Although the external crises are certainly an impetus to the story, mostly this is about nine people stuck together and how they react off each other and the circumstances.  Connie Porter (Tallulah Bankhead) is the most striking; a wealthy journalist, she arrived on the lifeboat with her fur coat, jewelry, camera and luggage, but gradually loses everything–and gains some heart–as the movie goes on.  Alice (Mary Anderson) also has an interesting story, as she was en route to London to be a nurse–and to meet a man she had previously carried on an affair with.  A married man, and for 1944, I’m surprised the censors let that plot element in!

I think I was most fascinated, though, by the German soldier, Willy (Walter Slezak).  The whole movie I wondered where it was going to go with him, because there were moments when it seemed to me he could be played from a sympathetic angle.  A complicated sympathetic angle, considering we know all along that he shelled the original boat, and is now deceiving the survivors about certain things like their heading.  But for most of the movie, I could still see where he was coming from too.  He was acting as part of a war, and he’s now in a very precarious position among a group of British and Americans.  And I can’t really blame him for hoping to find the German supply ship in the area, rather than striking off for the very distant Bahamas.

However…the movie was made in 1944, so I don’t think it’s much of a spoiler to say that Willy does not ultimately turn out to be a good guy.  It’s too bad, because I feel like he could have been a complex character and morphed instead into an almost caricature villain.  He was a villain not because there was a good in-movie reason for it, but because of the climate of when the movie was made.  It’s hard to present a sympathetic Nazi soldier now; I’m sure it was impossible in 1944.

Of all of the Hitchcock movies I watched recently, Lifeboat is the only one I’d particularly like to see a remake of.  I’d be very curious to see how Willy’s character could be done now, almost 70 years after the war ended.  Although on the other hand, the blood and the horror of it all, so discreet under Hitchcock, would probably be so awful in a modern movie that it wouldn’t be worth it!

Other reviews:
Cinema 24/7
Derek Winnert
Anyone else?

Buy it here: Lifeboat

5 thoughts on “Eight Characters In Search of a Shore

  1. Have you seen “The Flight of the Phoneix?” (The original, with Jimmy Stewart?

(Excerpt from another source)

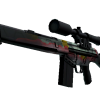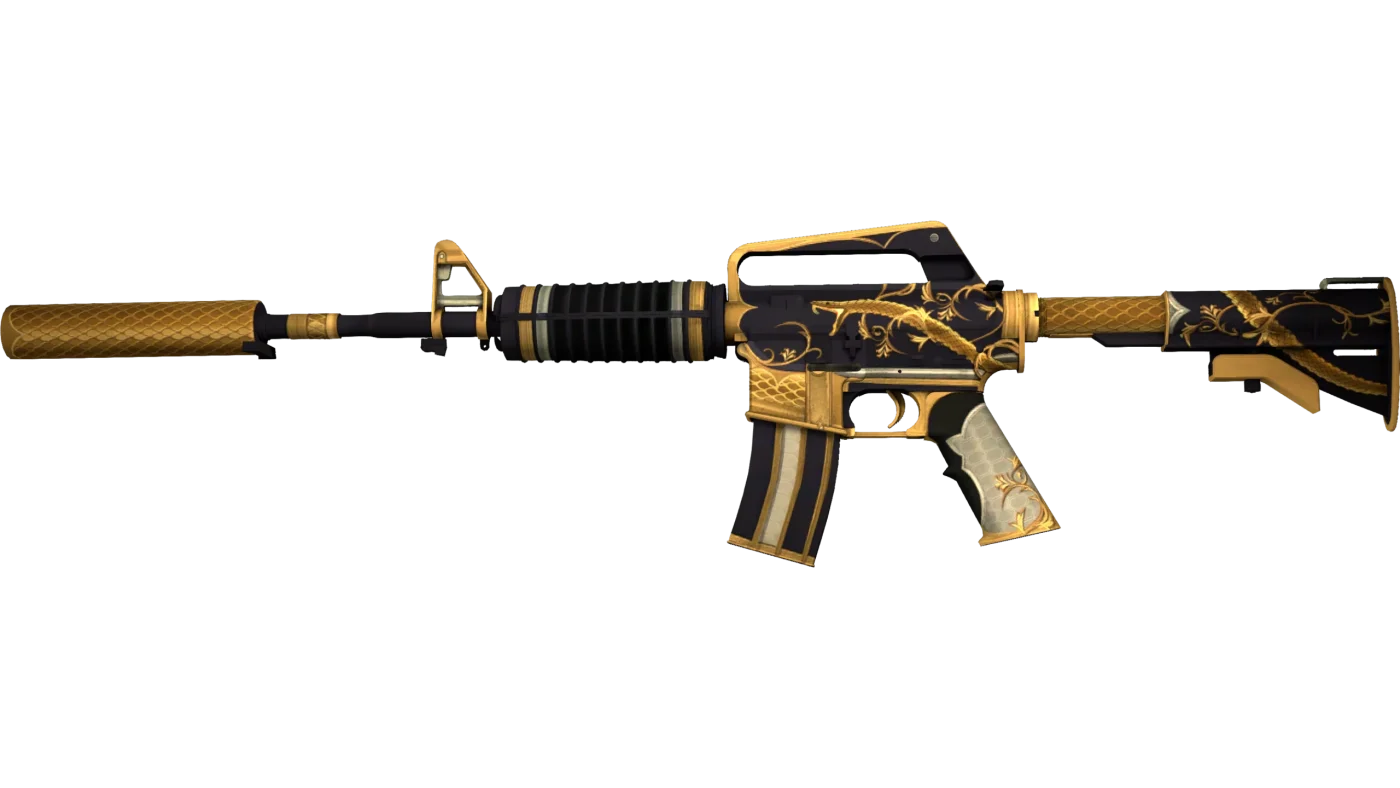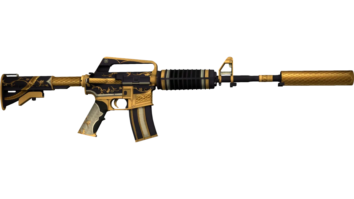 The body of the rifle is coated with black matte paint and adorned with a gold image of an attacking snake surrounded by a floral pattern. A part of the handle is adorned with a beige geometric ornament. The silencer and a part of the buttstock are engraved with a gold pattern imitating snakeskin.

Or the remake, I guess.) For some reason this review really reminds me of it. It’s a pretty good film.

    Also… hi! Your blog started to get blocked at work, and that’s where I usually read the blog from. Been keeping up on my phone, but leaving comments is a little difficult on mobile. 😉

    1. I have not seen Flight of the Phoenix…and I’ve seen lots of Jimmy Stewart movies, so I’ll have to look into this!

      And hi! Nice to see you again. 🙂 I had noticed you’d gone a bit quiet, so it’s good to know you’re still out there!

  2. I’ve seen this, but a goodly while ago. I remember liking it but not head over heels. Interesting that it seems there are eight people in the poster, but nine in the film.

  3. dianem57

    That’s an interesting take about the German soldier. I’m sure his character could be explored more fully with so much time having passed since the war. Funny how, when you understand the context of the times in which a movie was made, you can see certain plot points coming because you know an alternate path wouldn’t be possible in that era.